Periset dari Virginia Tech mempelajari kebiasaan 108 karyawan yang bekerja selama 30 jam per minggu, 138 pasangan, dan 105 manager.

Mereka menemukan bahwa orang yang selalu terhubung, yakni memeriksa, membaca, dan membalas surat elektronik saat akhir pekan memiliki anggota keluarga yang selalu merasa cemas sekaligus khawatir.

Hal yang demikian pada akhirnya bisa merusak hubungan sosial antara Anda dan anggota keluarga di rumah.

Banyak agenda

Pada uraian di atas disebutkan bahwa bangun siang selama akhir pekan bisa berakibat tidak baik. Namun, tak berarti Anda harus bangun superpagi untuk menikmati waktu dengan agenda yang padat dari siang sampai malam.

Cobalah bersantai. Biarkan pikiran Anda mengalir lebih tenang tanpa harus berpikir ingin pergi ke mana, bersama siapa, dan apa yang harus dilakukan.

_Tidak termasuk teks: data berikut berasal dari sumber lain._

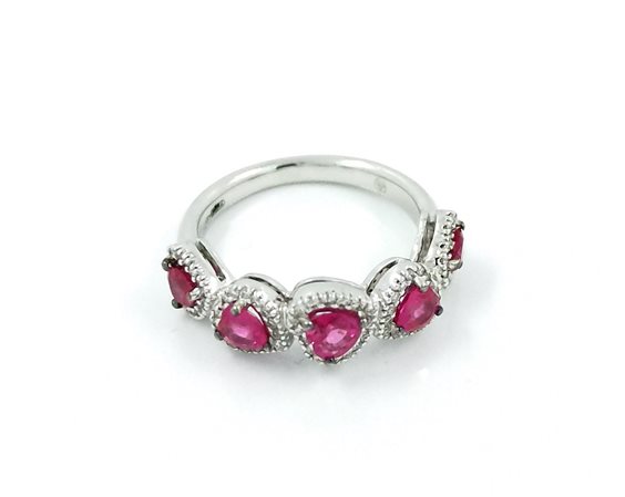 Anello Valentina Callagher in Oro Bianco 18kt. con Rubino di 5.60ct. a forma di Cuori Sfalsati in cornice di Diamanti 1.27ct.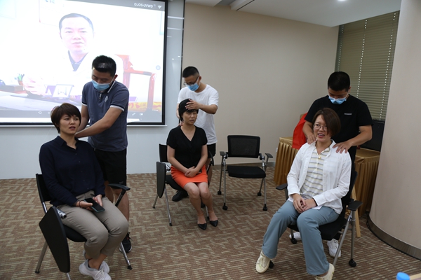 讲座结束后,,,,,,,大家纷纷参与现场中医养生体验,,,,,,,在座的白领大多数都是整天伏案工作,,,,,,,或是长时间对着电脑,,,,,,,难免颈肩背出问题,,,,,,,而中医理疗方法就是对付颈肩背问题的最好的方法。。。。。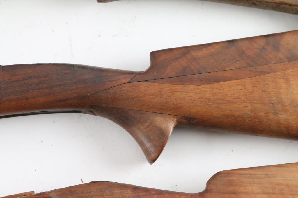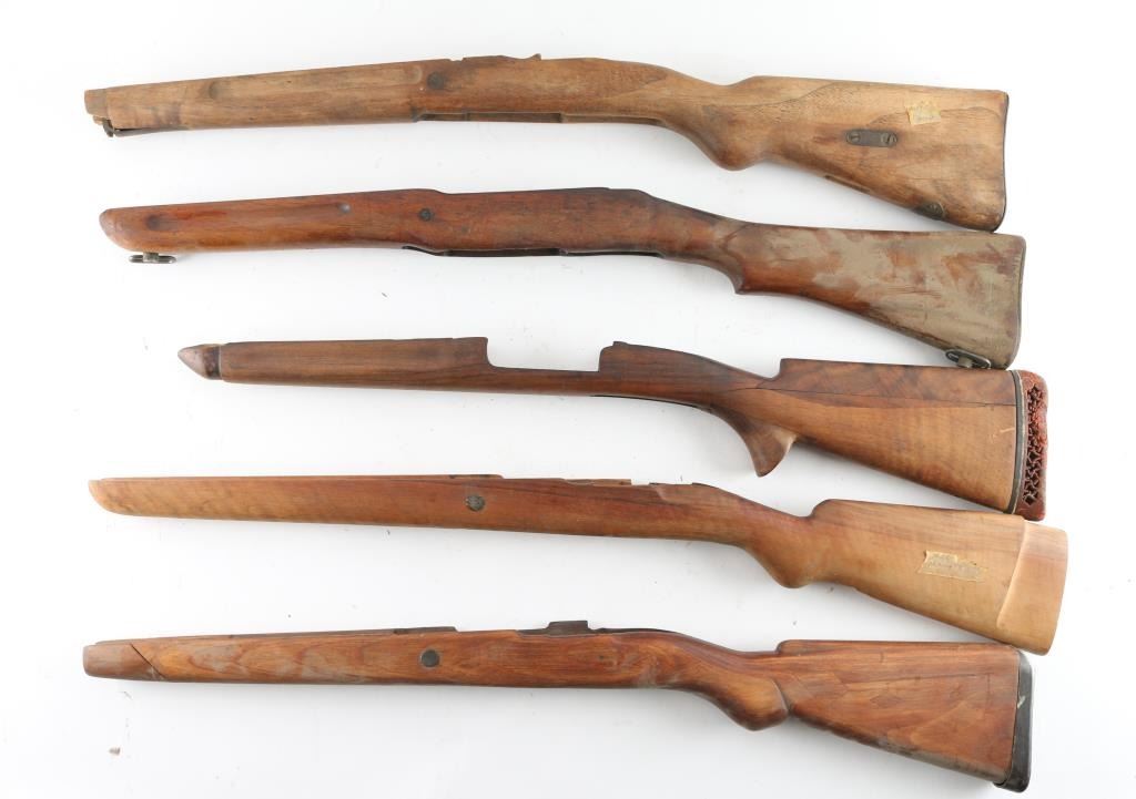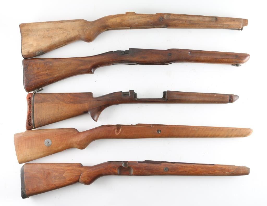previously military stocks that have had forends shortened and re-shaped. Various models, including Mauser, Springfield 1903, Krag. Condition ranges from Fair with cracks to very good.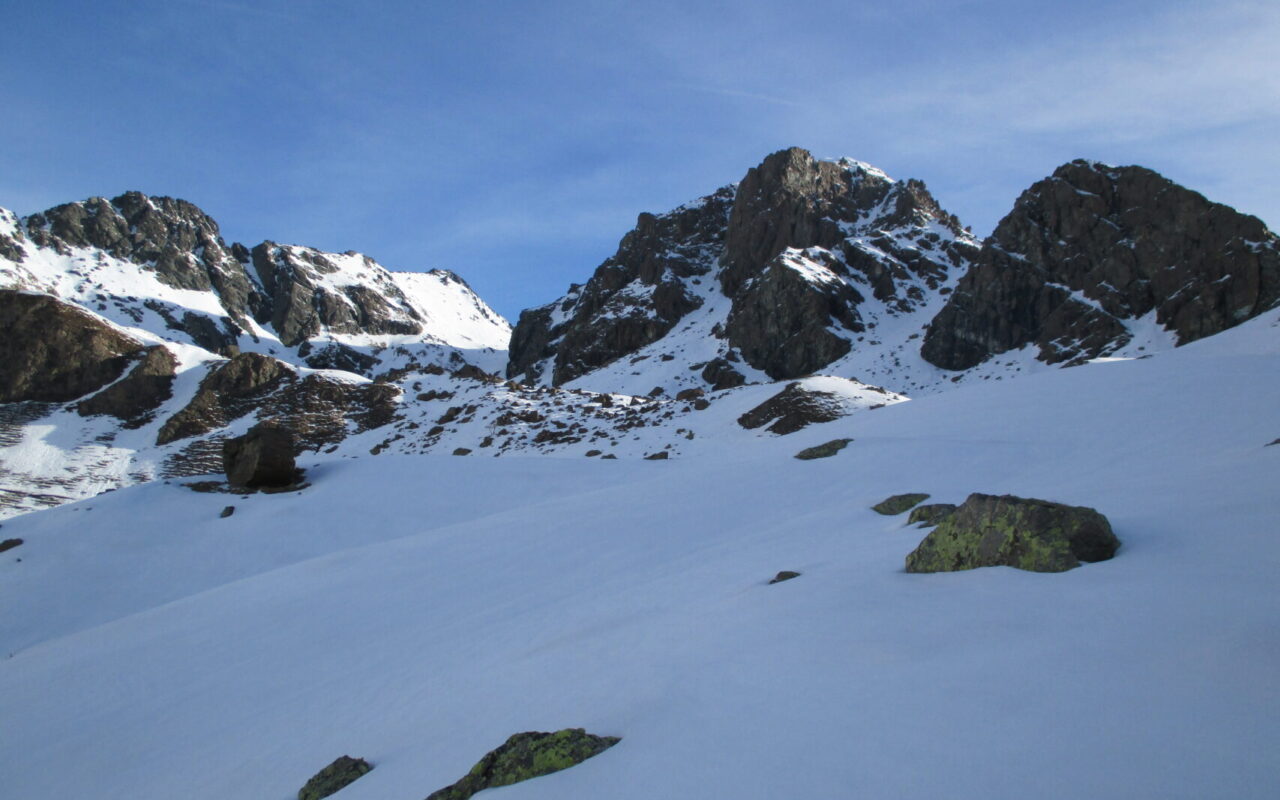 d-e: Attaccare il ripido pendio sud della punta Malanotte. A seconda delle condizioni, risalirlo a piacere, destreggiandosi tra le rocce che affiorano sul pendio, fino alla cresta sommitale. La vetta si raggiunge per roccette facili, tratto per il quale sono utili i ramponi.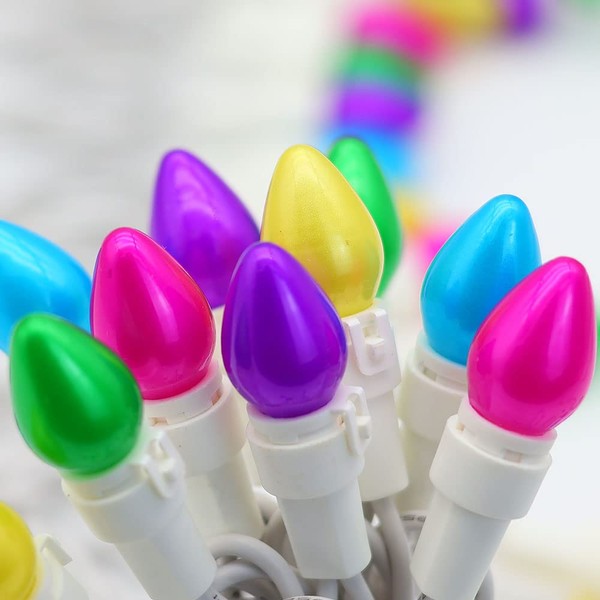- LED Multi Color Glass C3 Lights: Our 50 count per Easter lights string with bulb space 0.25ft. Lighted length 12.5 ft (3.8m). Total length 13.5ft(4.1m) LED bulbs. use up to 80% less power than incandescent bulbs.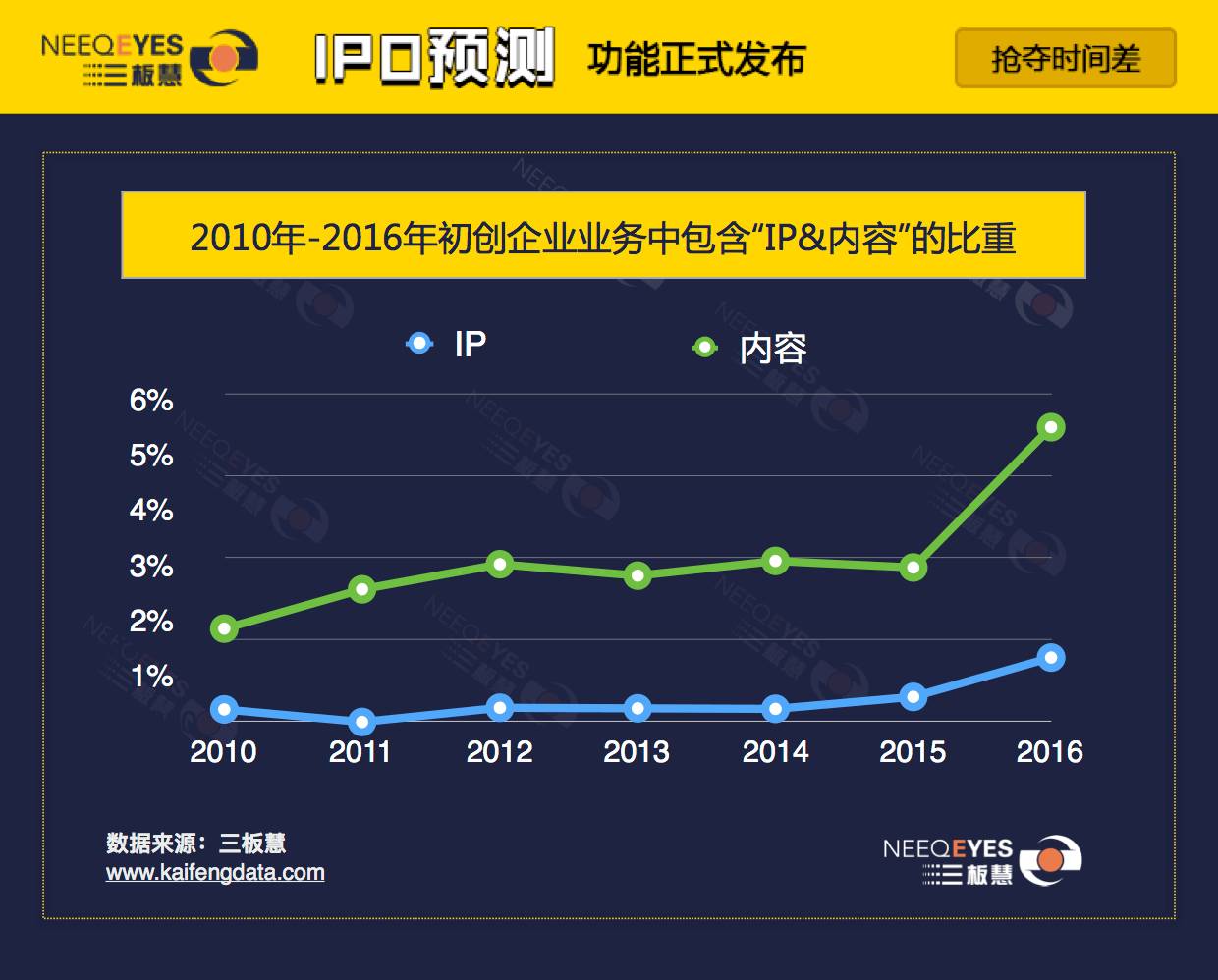 文创领域,“内容”或“IP”于2015年后开始获得风投较大的青睐。在2016年,两者占初创企业的5.40%和1.18%,占比增长率分别为90.58%和159.56%。
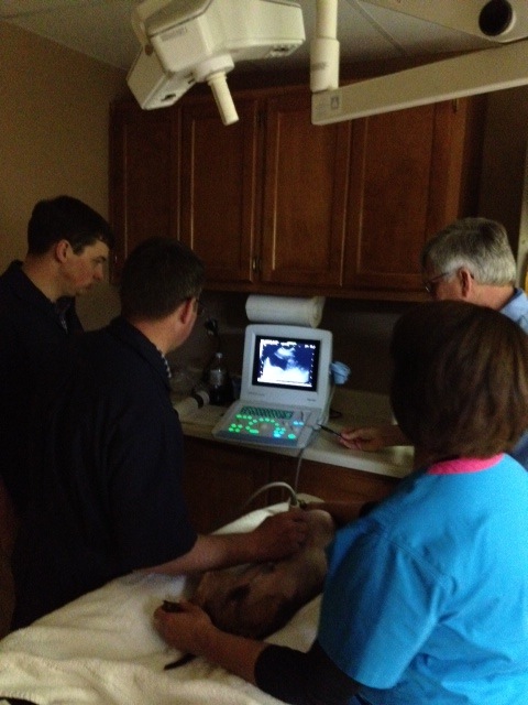 Ultrasound is a diagnostic imaging technique used in conjunction with radiography and other diagnostic measures. It allows a non-invasive visualization of the deep structures of the body. It can be used for a variety of purposes including examination of your pet’s heart, kidneys, liver, etc. It can also be used to determine and monitor pregnancy. It has the ability to also detect fluid, cysts, tumors, or abscesses.

Dr Isabell Moreau mengatakan pada The Independent bahwa setiap orang tidak harus selalu menjadi aktif setiap saat, meskipun saat akhir pekan.

“Kita harus membiarkan diri dan pikiran untuk tidak bekerja serta berpirkir. Utamakan kualitas daripada kuantitas. Luangkan waktu untuk beristirahat,” jelas Dr Moreau.

“Rasa bosan dan malas sesekali bisa menguntungkan. Artinya, Anda mengendalikan diri kapan harus bekerja dan kapan harus rileks,” imbuhnya.

Beristirahat, kata dia, membuat tubuh merasa lebih santai dan Anda pun jadi bisa melihat segala hal dengan lingkup persepsi yang lebih luas.

“Tubuh Anda bukan mesin pekerjaan,” pungkasnya.